Keen’s crime, in the eyes of Silicon Valley, is that he is a digital disciple turned heretic. An English-born web entrepreneur, he has now decided that much of the gospel of what has become known as Web 2.0 is dangerous and damaging nonsense. For true believers, the way the web has developed over the last five years has been profoundly liberating. New services like YouTube, Wikipedia and Facebook have changed what was a ‘read-only’ experience into the ‘read-write’ web. In other words, the barriers between professionals and amateurs have been broken down, unleashing a flood of creativity in the form of ‘user-generated content’.
For Andrew Keen, though, this just means that professionals will see their work swamped under a wave of sub-standard amateurish bilge. He claims that the ranks of the cultural gatekeepers are being decimated: “Professional critics, journalists, editors, musicians, moviemakers and other purveyors of expert information are being replaced....by amateur bloggers, hack reviewers, homespun moviemakers, and attic recording artists.”
So, Wikipedia has undermined the experts who write the Encyclopedia Britannica, bloggers like Arianna Huffington eat away at the fabric of fine old newspapers like the New York Times, and YouTube threatens the economics of Hollywood. It gets worse; there is even evidence that the professionals of Madison Avenue could be an endangered species, as marketing budgets are diverted towards cheap user-generated adverts. In a heart-breaking passage, Keen describes how brands like Frito-Lay and Chevrolet ran some of these cheap adverts during the 2007 Super Bowl, and works out that this saved them $331,000. “That’s $331,000 that wasn’t paid to professional filmmakers, scriptwriters, actors and marketing companies – $331,000 sucked out of the economy.”
That the economics of the internet threaten many old media businesses has become a truism but Keen fails to provide much evidence for his charge that it is the amateur who is elbowing aside the professional. He is on stronger ground when he questions the assumption in Chris Anderson’s The Long Tail that the economics of web distribution will let a thousand flowers bloom, both professional and amateur. It seems more likely that the ‘hit’ system will reassert itself, with a just a few cultural products winning a big enough audience to sustain the livelihoods of their creators.
Having dealt with the dreadful scourge of amateurism, Keen widens his attack, and launches a general sideswipe at everything that is bad about the internet, from spam to viruses, from the assault on privacy to the threat from paedophiles and other predators.
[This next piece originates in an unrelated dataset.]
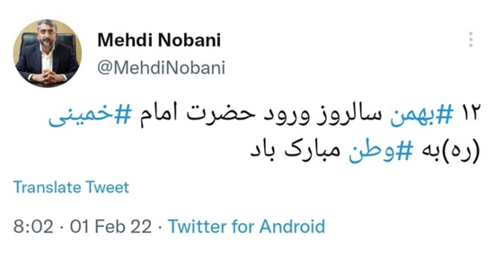 توييت مهدی نوبانی شهردار بندرعباس به مناسبت سالروز ورود حضرت امام خمینی (ره)
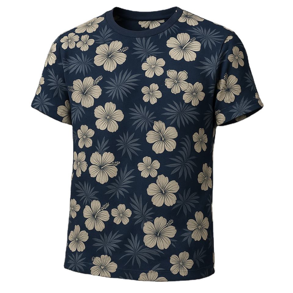 เสื้อยืดผ้าฝ้าย100% ชาย AOP ลำลองแขนสั้นพิมพ์ลายเสื้อถักคอกลมเสื้อพิมพ์ลายสำหรับผู้ชาย

Poor old Andrew Keen. His problem is that he has swallowed whole everything the Web 2.0 zealots have told him, and that is why he is so afraid. But the truth is a little more mundane. YouTube may well have unleashed a million shaky videos onto the web, but it has been gradually captured by professional content. The Arctic Monkeys might have got started on MySpace, but it took a big record label to make them megastars – and they also happen to be quite talented. Yes, it’s dreadful that ‘citizen journalists’ are trying to usurp the role of professional writers and broadcasters, but the public shows little appetite for their amateur material. So Andrew – calm down. The web revolution is proceeding but the ancien regime of cultural gatekeepers is fighting back.